DATA RECORDS

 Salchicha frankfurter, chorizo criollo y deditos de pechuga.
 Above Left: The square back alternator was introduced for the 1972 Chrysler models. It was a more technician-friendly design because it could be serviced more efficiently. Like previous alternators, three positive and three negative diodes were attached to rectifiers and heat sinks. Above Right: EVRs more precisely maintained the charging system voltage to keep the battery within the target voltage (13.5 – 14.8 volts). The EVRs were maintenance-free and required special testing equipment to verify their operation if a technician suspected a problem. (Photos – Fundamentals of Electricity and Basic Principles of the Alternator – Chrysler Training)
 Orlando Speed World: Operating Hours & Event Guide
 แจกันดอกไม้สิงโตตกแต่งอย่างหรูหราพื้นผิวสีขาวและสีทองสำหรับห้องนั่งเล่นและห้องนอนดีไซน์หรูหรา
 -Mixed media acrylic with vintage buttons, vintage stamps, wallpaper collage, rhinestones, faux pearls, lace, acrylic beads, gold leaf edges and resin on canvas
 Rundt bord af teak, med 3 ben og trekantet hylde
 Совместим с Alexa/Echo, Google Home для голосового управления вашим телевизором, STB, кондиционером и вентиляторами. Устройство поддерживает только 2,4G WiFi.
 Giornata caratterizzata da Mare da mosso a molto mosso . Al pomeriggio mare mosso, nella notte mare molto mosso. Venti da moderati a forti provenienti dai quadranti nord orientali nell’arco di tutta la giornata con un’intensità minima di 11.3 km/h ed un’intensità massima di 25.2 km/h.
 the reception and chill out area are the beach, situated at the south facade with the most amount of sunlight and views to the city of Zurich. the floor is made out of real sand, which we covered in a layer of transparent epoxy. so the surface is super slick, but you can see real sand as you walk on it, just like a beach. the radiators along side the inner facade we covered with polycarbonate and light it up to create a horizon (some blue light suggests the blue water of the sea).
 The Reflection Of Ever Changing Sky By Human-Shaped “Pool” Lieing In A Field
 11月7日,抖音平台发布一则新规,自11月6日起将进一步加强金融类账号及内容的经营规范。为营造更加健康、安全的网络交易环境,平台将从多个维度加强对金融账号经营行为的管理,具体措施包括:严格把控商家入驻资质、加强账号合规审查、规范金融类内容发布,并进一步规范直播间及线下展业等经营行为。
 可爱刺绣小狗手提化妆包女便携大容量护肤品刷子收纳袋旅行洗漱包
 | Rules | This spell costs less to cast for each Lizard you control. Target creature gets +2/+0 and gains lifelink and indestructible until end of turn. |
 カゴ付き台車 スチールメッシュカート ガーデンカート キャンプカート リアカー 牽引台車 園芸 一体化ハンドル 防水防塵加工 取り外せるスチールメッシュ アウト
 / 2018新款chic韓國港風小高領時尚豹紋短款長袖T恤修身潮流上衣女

YOUR GOAL
Retype exactly the lines above, from the one with "Rundt bord af" through the one with "Совместим с Alexa/Echo, Google", inclusive.

OUTPUT OF THE TASK
 Rundt bord af teak, med 3 ben og trekantet hylde
 Совместим с Alexa/Echo, Google Home для голосового управления вашим телевизором, STB, кондиционером и вентиляторами. Устройство поддерживает только 2,4G WiFi.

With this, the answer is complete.